Bowing to public outrage multiplex owners have also agreed to build a polyurethane fluoride (PUF) coated insulating wall around power transformers to reduce noise emission levels.

During an inspection tour on March 6 the Corporation had granted multiplex owners a week’s time to clean up their sewage discharge act, after neighbouring residents complained that waste generated at the premises was being released onto the streets.

Multiplex owners have also declared their willingness to enter into a contract with the Corporation for undertaking sewage and garbage disposal in return for monthly fees of Rs 1.20 lakh.

The proposal is likely to be put up for approval at the next Mayor-in-Council (MiC) meeting. The proposal calls for the Corporation to provide two vehicles to cart sewage waste from the MG Road multiplex and an equal number for collecting garbage and dumping it at the Devguradia trenching ground.

In return, Treasure Island owners would pay the civic body a sum of Rs 1.20 lakh per month, Rs 60,000 each for garbage collection and sewage disposal. The multiplex management would be charged Rs 1,000 for each additional trip made by the vehicles.
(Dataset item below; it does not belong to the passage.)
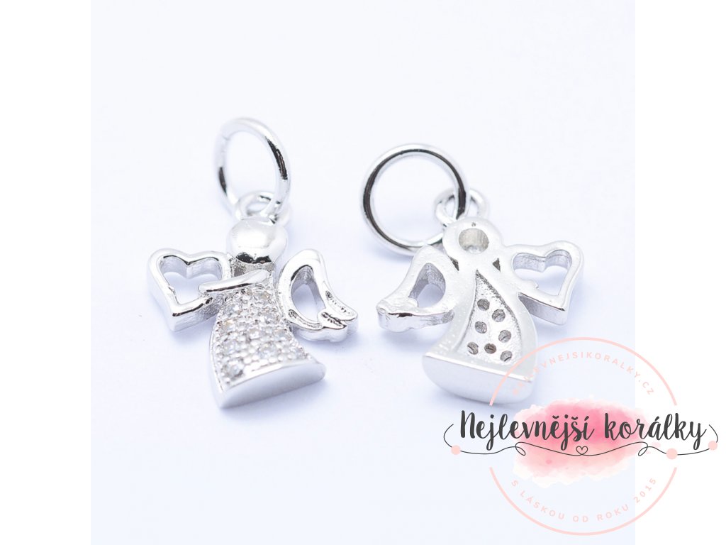 Mosazný přívěsek s kubickými zirkony - platinový - anděl - 12 x 9,5 x 2 mm - 1 ks

At a meeting attended by Pollution Control Board officials and residents of Megh and Amber apartment blocks, part of the Shangrila Apartments Co-op Housing Society to the rear of the multiplex, Treasure Island owners also agreed to raise the height of the real wall by 5 feet to check noise pollution.

The PCB officials also carried out a decibel level check on the transformers on the occasion. Test results stood at 62 decibel, which, although under the permissible daytime limits for commercial areas (65 decibels) is considerably more than allowed for residential neighbourhoods.

“If the canopy and wall does not help then we shall probe other ways of reducing the emission levels,” said Junior Scientist A Vyas, who headed the MPPCB team that carried out noise emission tests at the multiplex.